**Aim of the task:** Below are the records; repeat exactly their lines between the line holding "- Frankreich 50" and the line holding "Originální snubní soupravu", inclusive, skipping the pictures.

**The records:**
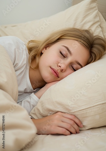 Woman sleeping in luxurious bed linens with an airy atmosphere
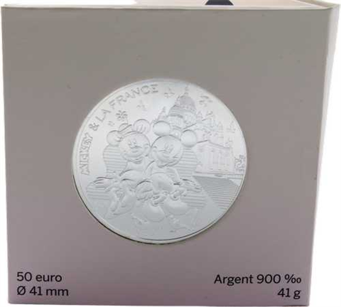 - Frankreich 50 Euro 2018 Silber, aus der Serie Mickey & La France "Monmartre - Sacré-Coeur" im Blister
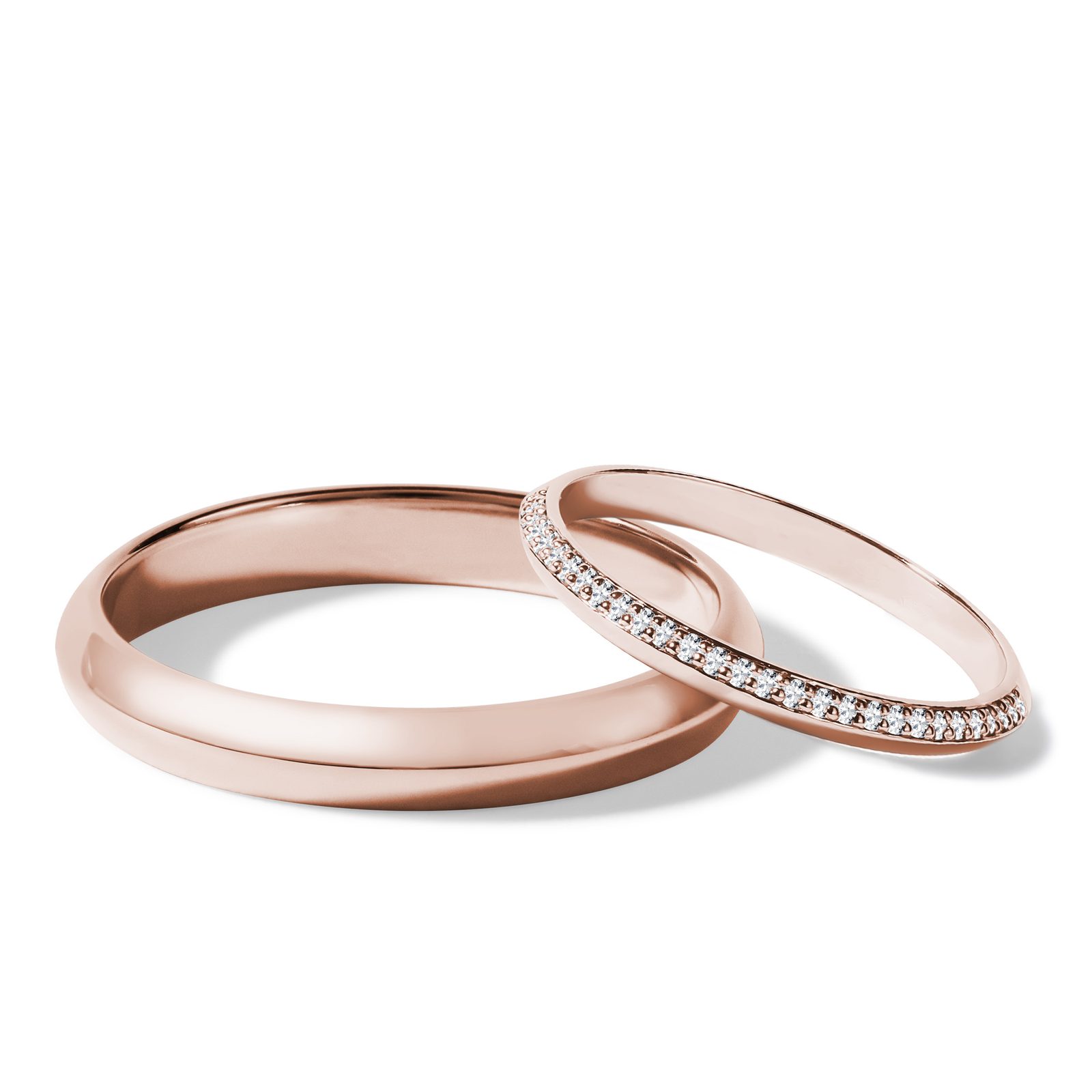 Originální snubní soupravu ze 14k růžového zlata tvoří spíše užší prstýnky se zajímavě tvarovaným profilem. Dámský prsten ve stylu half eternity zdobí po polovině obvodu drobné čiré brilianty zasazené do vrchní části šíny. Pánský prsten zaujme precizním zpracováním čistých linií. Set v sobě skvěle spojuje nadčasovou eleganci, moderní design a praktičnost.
--
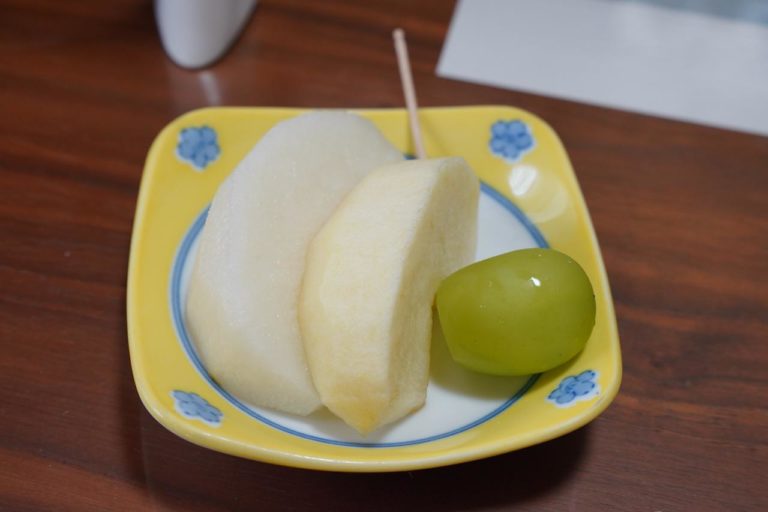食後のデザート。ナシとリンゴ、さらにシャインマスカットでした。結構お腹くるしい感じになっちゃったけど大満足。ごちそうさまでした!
---
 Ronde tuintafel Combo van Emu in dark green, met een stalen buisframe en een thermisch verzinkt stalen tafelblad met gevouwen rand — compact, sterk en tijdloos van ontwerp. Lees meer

**The answer:**
 - Frankreich 50 Euro 2018 Silber, aus der Serie Mickey & La France "Monmartre - Sacré-Coeur" im Blister
 Originální snubní soupravu ze 14k růžového zlata tvoří spíše užší prstýnky se zajímavě tvarovaným profilem. Dámský prsten ve stylu half eternity zdobí po polovině obvodu drobné čiré brilianty zasazené do vrchní části šíny. Pánský prsten zaujme precizním zpracováním čistých linií. Set v sobě skvěle spojuje nadčasovou eleganci, moderní design a praktičnost.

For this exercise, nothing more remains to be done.